In every organization I have been a part of, some aspect of the operation has become the role of every member of a group to maintain. This could be the documentation about an API usages, creating a new branch for a release, writing acceptance criteria on tickets, reviewing code for pull requests, and many other tasks. These items are deemed important enough for us to believe in them as an organization, but our implementation usually leaves them incomplete or unmanaged, because they lack ownership.
To ensure that the proper focus is put on important tasks, we must make those tasks the responsibility of an individual. Once we have given the focus of a task to a single individual, they will spend their time making sure that the appropriate parties are performing the task. This does not mean that one person must now complete the task all by themselves, or that one person is accountable for the tasks. Rather, this just means that one person is actually focused on making sure that the task is being completed.

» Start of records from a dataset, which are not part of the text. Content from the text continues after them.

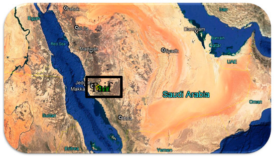 Saudi Arabia is located in southwestern Asia, surrounded to the eastern by the Arabian Gulf, which includes the United Arab Emirates, Bahrain, and Qatar, and to its west by the Red Sea. The country is fully inside the Sunbelt, spanning latitudes 31° N to 17.5° N. The average daily sunshine duration is 8.90 h, and solar irradiation ranges from 4.48 to 7.12 kWh/m2. In addition, the country’s annual average wind speed ranges from 6.2 to 8.1 m/s in most locations. These weather circumstances emphasize Saudi Arabia’s outstanding prospects for generating solar and wind energy. The present investigation centers on an on-grid site in Taif, Saudi Arabia, where an EV charging station is installed. The selected place is in Taif City, particularly at coordinates 21.2841° N, 40.4248° E, as shown in Figure 2.
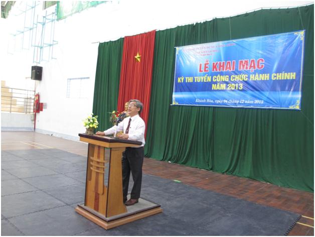 Sáng ngày 04/12/2013, tại Trường Cao đẳng Sư phạm Nha Trang, tỉnh Khánh Hòa đã tổ chức Lễ Khai mạc kỳ thi tuyển công chức hành chính nhà nước của tỉnh năm 2013. Tham dự khai mạc có ông Lê Xuân Thân - Phó Chủ tịch UBND tỉnh, Chủ tịch Hội đồng tuyển dụng công chức tỉnh Khánh Hòa, bà Vũ Thị Hiền – Phó Viện trưởng Viện Khoa học tổ chức nhà nước, Bộ Nội vụ cùng đoàn công tác của Viện hỗ trợ tỉnh tổ chức thi tuyển, thành viên Hội đồng tuyển dụng công chức tỉnh và các thí sinh dự thi.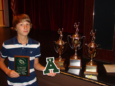 Caleb's high school tennis team made it to the state A championships. We travelled down to watch them play, but sadly, they got knocked out in the semi-finals. They returned just in time for the Sports Award Ceremony where Caleb received his letter and an award for Most Promising Newcomer to the tennis team.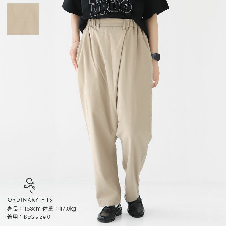Ordinary fits(オーディナリーフィッツ)のツイストパンツ。ふんわりと優しい肌あたりのピーチスキン生地を使用。起毛加工を施すことで生まれる、柔らかな風合いが魅力です。フロントにタックを施して、重ね合わせたようなデザインがタイパンツのような雰囲気に仕上がったサルエルパンツに近い穿き心地のパンツです。太ももからヒップにかけてはゆったりとしていて、足ラインを綺麗に見せてくれるテーパードシルエット。バッグウエストはゴム仕様になっており、リラックス感のある穿き心地ながらも、綺麗なシルエットでバランスよく仕上げてくれます。いつものトップスに合わせるだけで、こなれ感のある装いに仕上げてくれる一着です。着用モデル:身長158cm/体重47kg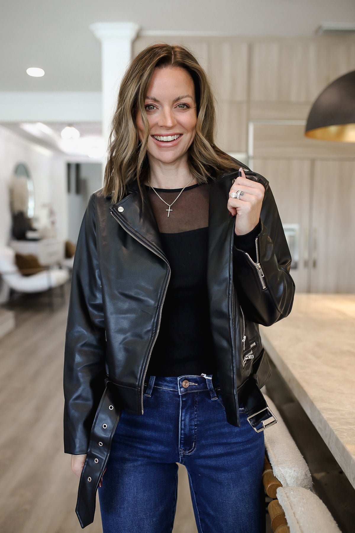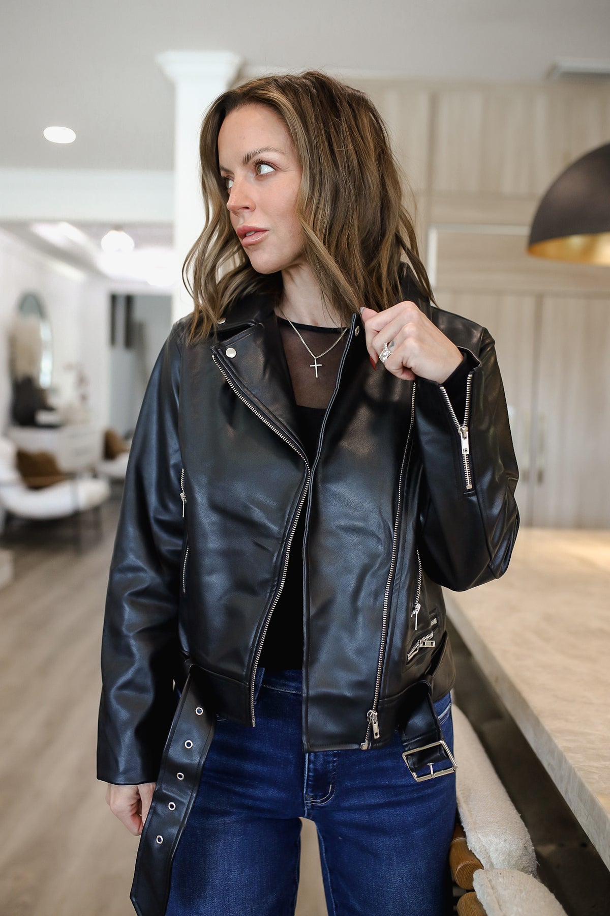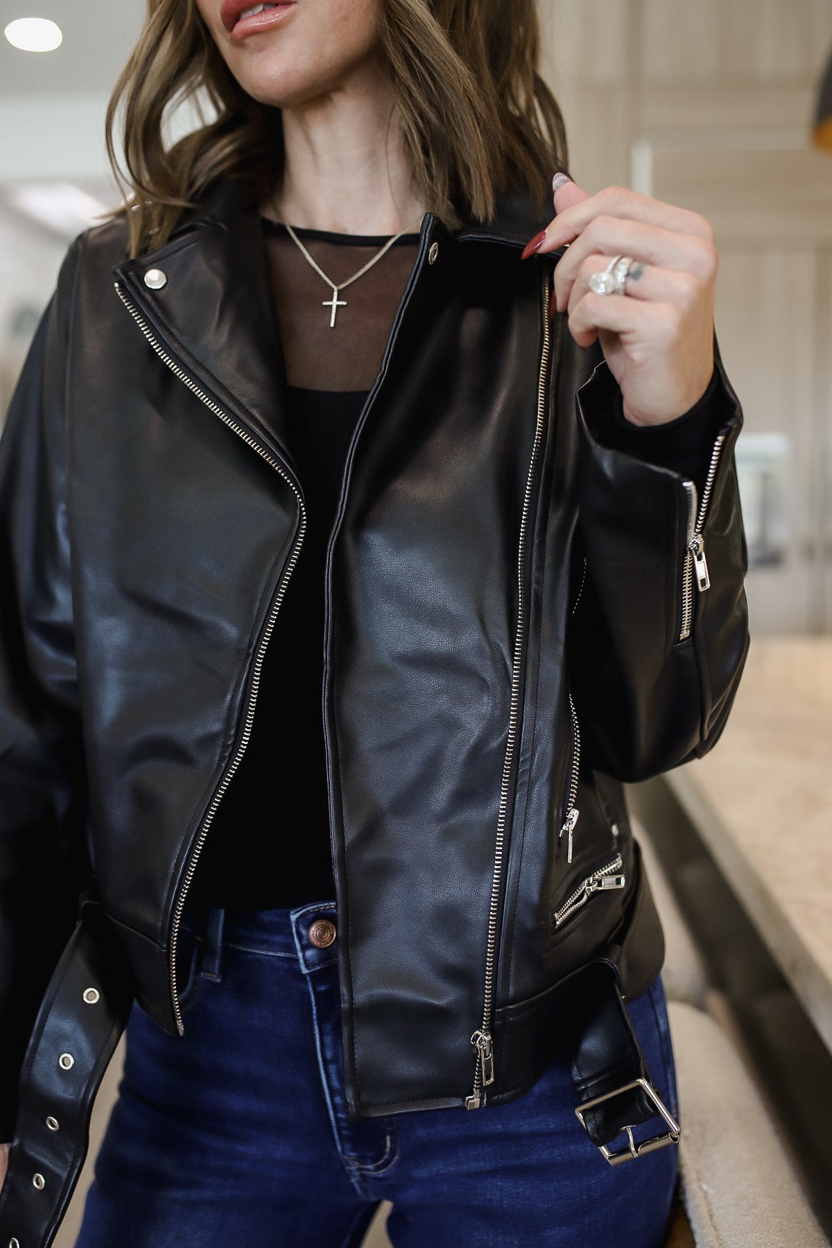 Introducing the Tough Chic Long Sleeve Solid Knit Jacket—your new go-to for effortless edge! This playful piece combines the cozy comfort of a knit with the bold attitude of lightweight faux leather. Zip up the front, cinch the waist with the belt detail, and stash your essentials in the zippered pockets. Whether you're channeling cool-girl vibes or adding attitude to your everyday look, this jacket delivers style with a wink. The perfect blend of tough and tender, this is the jacket that makes you feel like the best version of yourself. PREORDER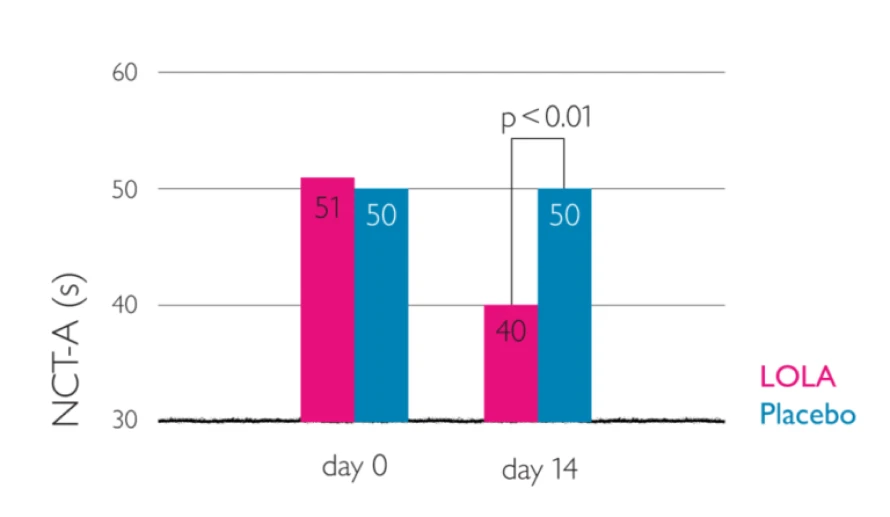 Reduction in NCT-A performance time (administration of 3 x 6 g oral LOLA)6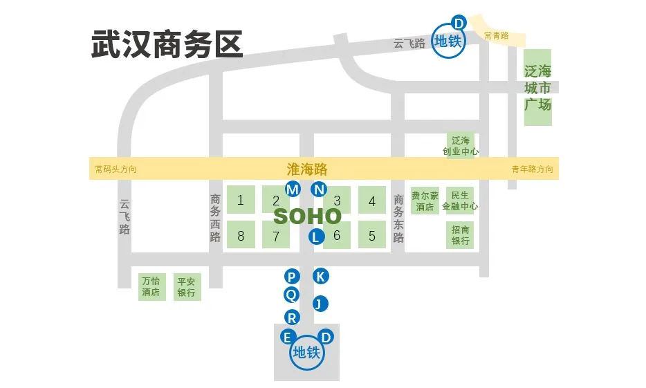 武汉商务区地铁站有10余个出口,你只需认识其中四个便可,两个超大的露天出口P和K,对应最近的是7号楼和6号楼,离地铁站最远的M和N口,对应了2号楼和3号楼。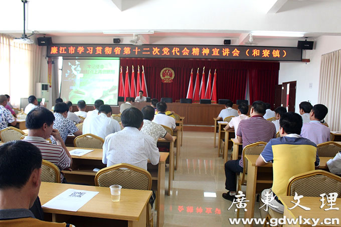 在党的十九大即将召开之际,省第十二次党代会在广州胜利召开,这是我省全面建成小康社会关键时期召开的一次十分重要的会议。为了让广大党员干部全面理解和贯彻本次省党代会精神,近日,廉江市委宣传部从市党校、广东文理职业学院等学校抽调思想政治素质过硬、理论功底扎实的一线教师组成宣讲团,对省第十二次党代会会议精神进行宣讲和解读。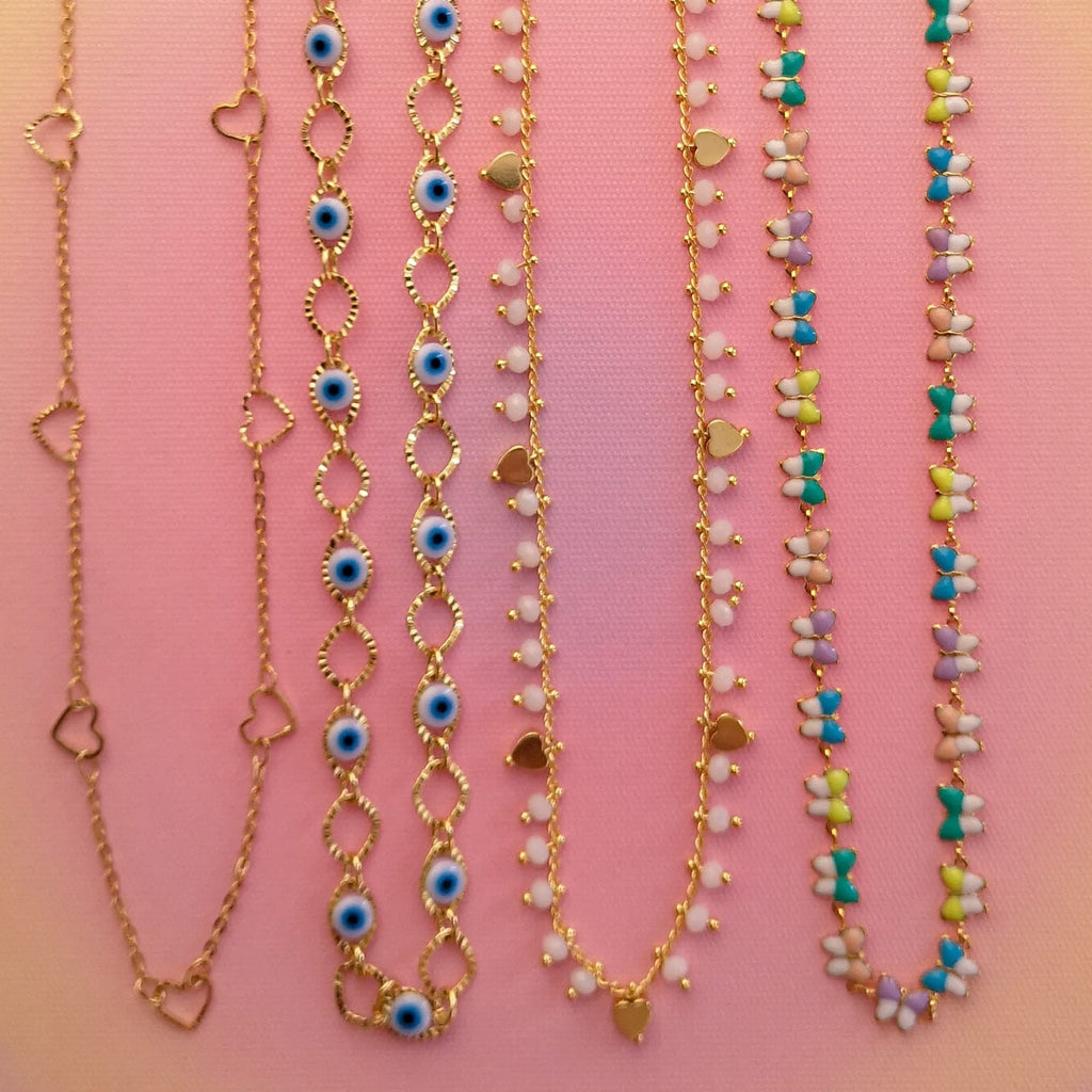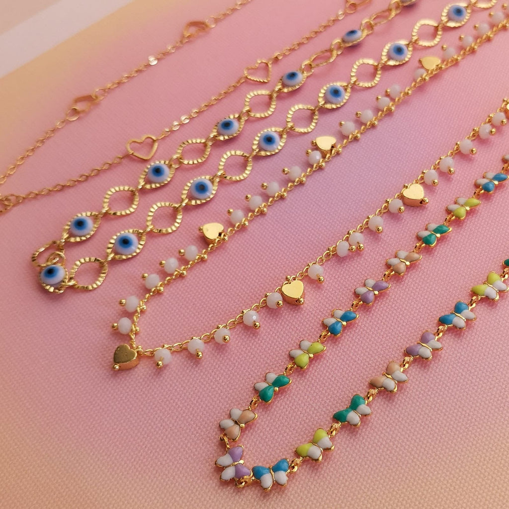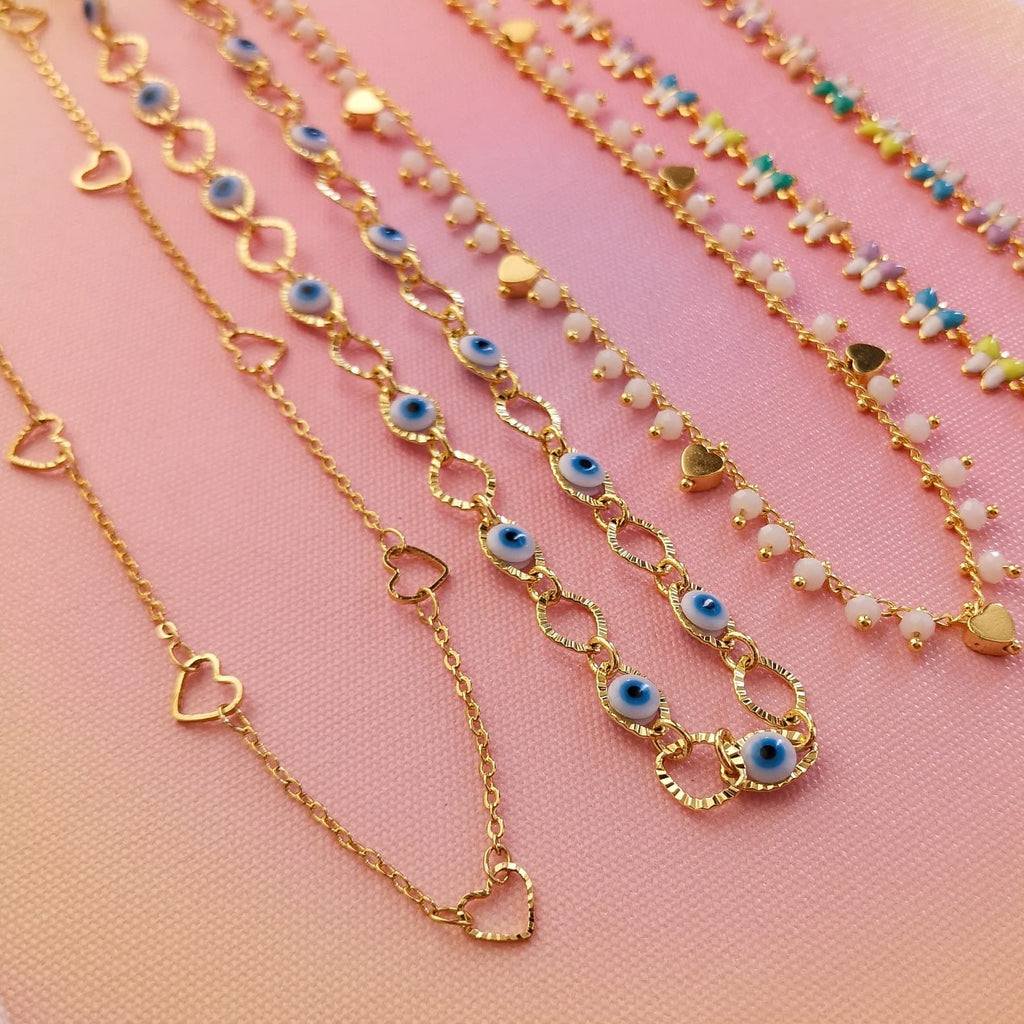 Fios curtos dourados em aço inox com varios formatos & pendentes: olho turco, missangas, corações ou borboletas.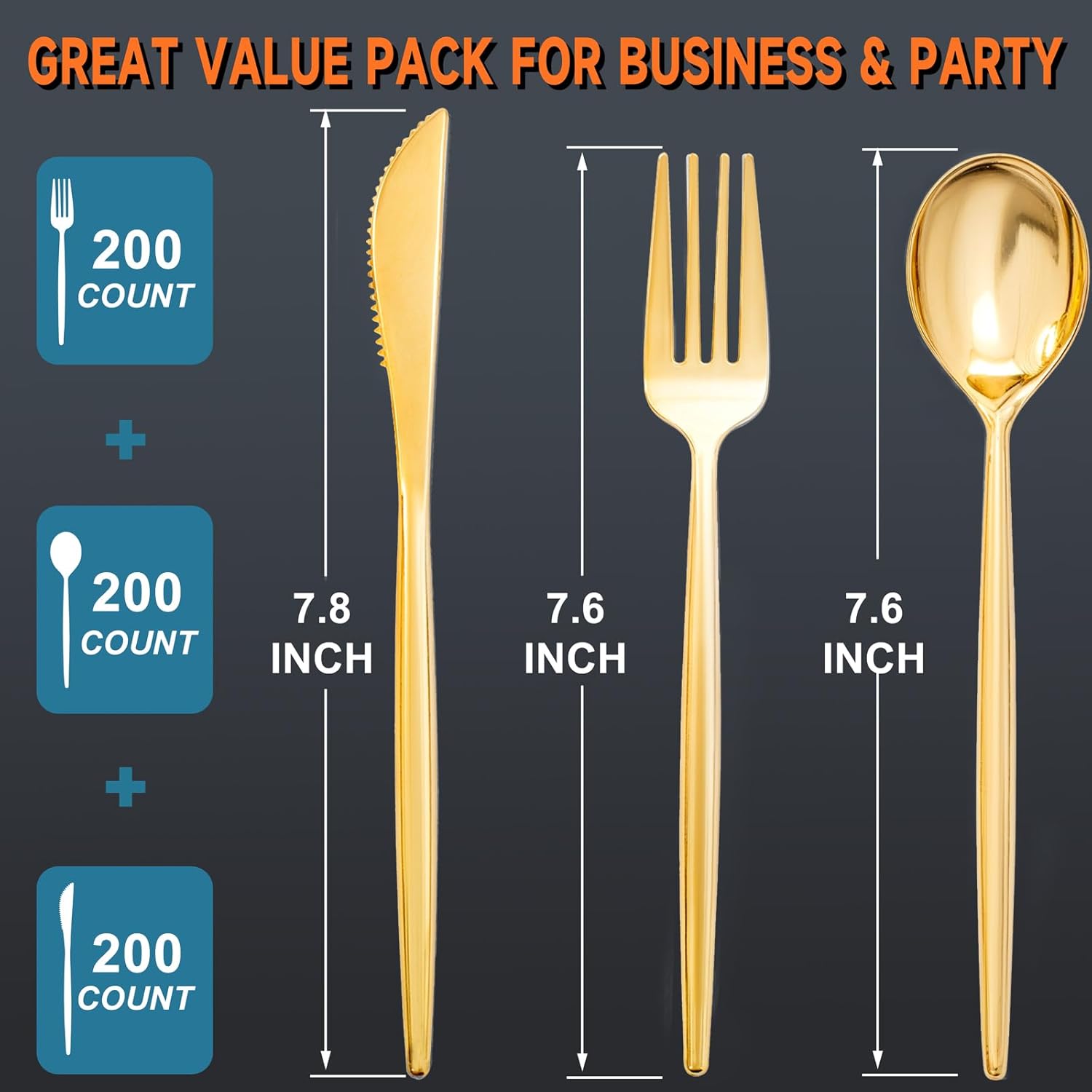 - COMPREHENSIVE SILVERWARE SET: This extensive package includes 600 pieces of plastic silverware, featuring 200 gold plastic forks, disposable spoons, and knives.Ideal for large gatherings, our spoons and forks set ensures every guest has stylish and functional utensils, eliminating worries about running out during your special occasion.

We are not trying to end collaborative efforts by assigning roles and duties to individuals anymore than assigning developers to tickets ends the collaboration in engineering. A developer often finds help in conversation, pairing, white boarding with a colleague, and many other collaborative efforts even so far as taking commits on their code from other developers. Assigning a role does not end this collaboration, it merely defines an interface for completing the work and an owner for that interface.
If there is anything important in your organization, make it the job of an individual. Do this even for tasks that need to be completed by a number of individuals across disciplines. Without an individual owner, everyone’s job becomes no one’s job.